Heating up the features battle with AOL and Yahoo, Microsoft gives MSN Messenger 5.0 users the ability stream live video to others.

Jim Hu Staff Writer, CNET News.com
Jim Hu
covers home broadband services and the Net's portal giants.
Jim Hu
2 min read
Microsoft Tuesday said it has begun offering Webcam functionality on its MSN Messenger instant messaging software, heating up the battle of features against America Online and Yahoo.

The new application allows MSN Messenger 5.0 users to stream live videos to other contacts using the software and a Webcam. Logitech will host the video streams on its servers, and will allow 56kbps modems a resolution of three to five frames per second (fps) and broadband as high as 15fps.

The new Webcam functionality is available for download from MSN's Web site.

The announcement comes as instant messaging continues to grow in popularity among consumers and businesses as an alternative form of communication beyond e-mail and the phone. People using IM clients can exchange data in real time, typically in the form of text messages and software files. New applications for IM are also beginning to gather steam, such as collaborating on documents and using multimedia and voice over IP.

Proponents of the technology have also touted IM's ability to detect a contact's presence, allowing data to be transmitted only to the location where the person is online.

Microsoft has pinpointed IM as an important technology that could help drive sales of its server software to corporations. The company last week launched Greenwich, which will offer secure IM exchanges behind the corporate firewall, and will let companies interoperate with MSN Messenger users, but through third-party intermediary IMLogic.

This isn't the first time Microsoft has supported video streaming through IM. When the software giant launched its Windows XP operating system in 2001, it included its own OS-based IM service called Windows Messenger that allows video conferencing via Webcams.

Microsoft is not alone in adding Webcam functionality to its instant messaging software. Yahoo last August launched a high-speed Web cam application, which lets people transmit video at 20fps.

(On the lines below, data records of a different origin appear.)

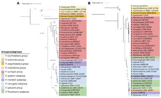 (A) Phylogram based on 576 core genes protein sequences from Pseudomonas type strains that possess acdS genes. The core genes (single copy genes found in all tested strains) were selected based on GHOSTKOALA functional annotation [66] and a python script built in house. The core genes were individually aligned using MAFFT [67] and concatenated using a python script built in house. The phylogenetic analysis was conducted in GalaxyPasteur server [68] using FastTree v2.1.10 [69], the LG model and a bootstrap of 100 replications. (B) Phylogram based on the AcdS sequences of Pseudomonas type strains. The sequences were obtained from the NCBI database and aligned using MAFFT [67]. The phylogenetic analysis was conducted in GalaxyPasteur server [68] using FastTree v2.1.10 [69], the LG model and a bootstrap of 1000 replications.
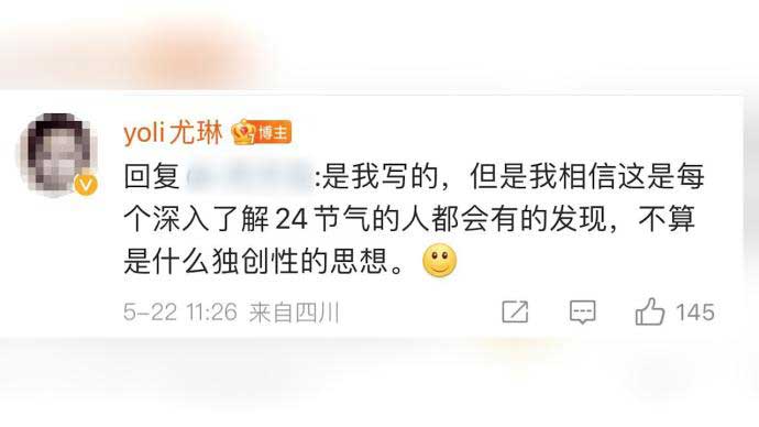 #博主回应北大满哥被指抄袭其观点#5月22日,奥迪陷入抄袭风波。有网友质疑原创者“北大满哥”疑似抄袭“yoli尤琳”的观点,对此“yoli尤琳”回应,每个深入了解24节气的人都会有此发现。
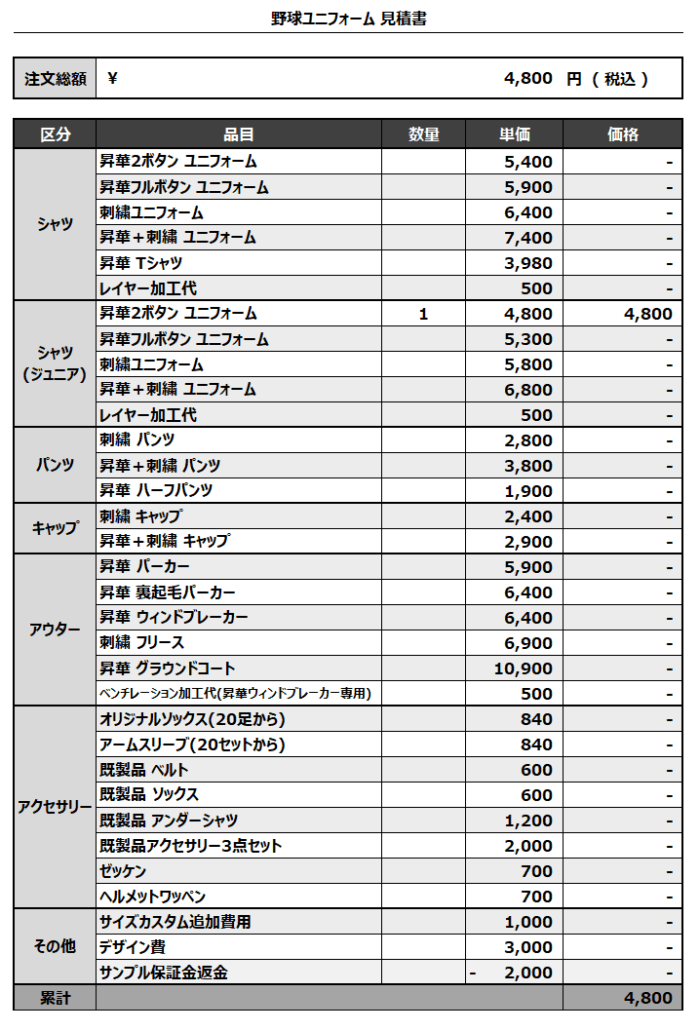 注文するユニフォームの最終デザインと見積もりの数量を確認ください。
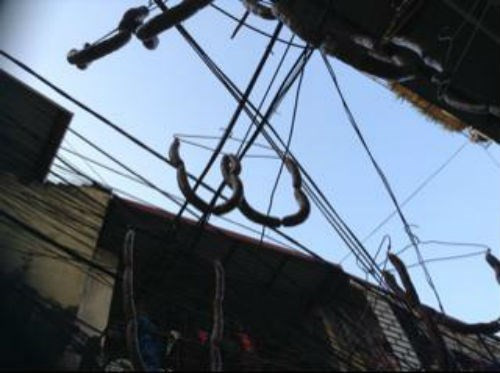 Tại khu vực ngõ 58, đường Hoàng Hoa Thám,người chế biến móc từng khúc lạp xưởng vào móc áo rồi đem treo trên...dây điện để phơi khô.
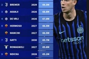 1、巴斯托尼(国米):1020万欧元
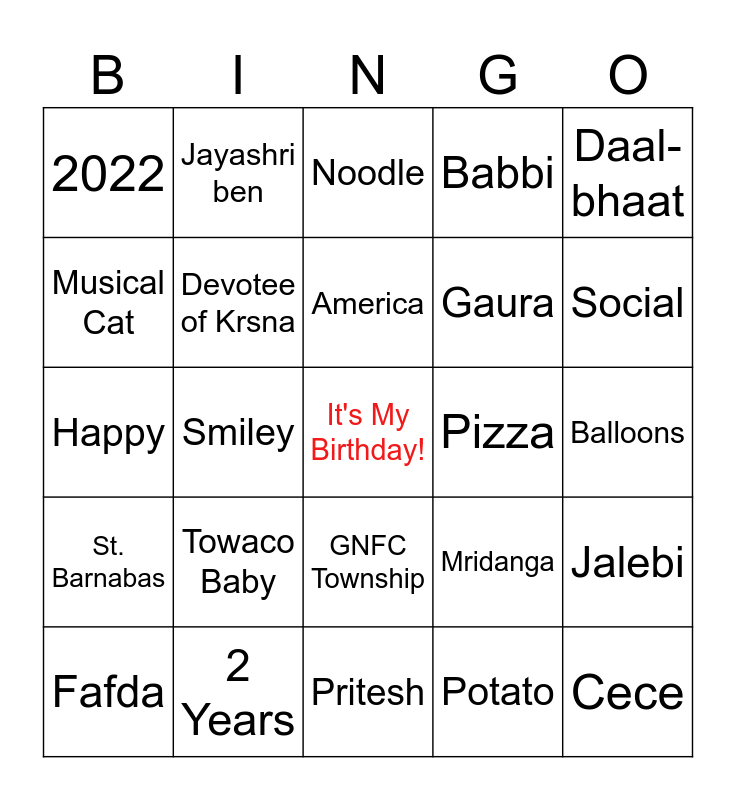 This bingo card has a free space and 54 words: Kartal, St. Barnabas, Handsome, Shantilal, GNFC Township, Roseland, Babbi, Anay, Musical Cat, Kumud ben, 2022, Undhiyu, 2 Years, Fafda, Vocal, Pritesh, Cece, Gaura, Livingston, Balloons, Mridanga, Radha-Krishna, Pizza, Daal-bhaat, Gifts, Jayashri ben, Cupcake, Bingo, JJ, Potato, Pasta, Cute, Friendly, July, Noodle, YoYo, Happy, Jalebi, Orange, Devotee of Krsna, Darshan, Piano, India, Nina, Towaco Baby, Birthday Party, Coco Melon, Radhe, America, Smiley, Social, Inquisitive, Motorcycle and Nitai.

AOL, however, has not offered any multimedia features on AOL Instant Messenger, the world's largest free IM service. As part of the Federal Communications Commission's approved merger of AOL and Time Warner in January 2001, AOL must open its IM network if it launches "advanced IM" services such as video over broadband connections. However it's unclear whether launching a Webcam would violate AOL's restrictions.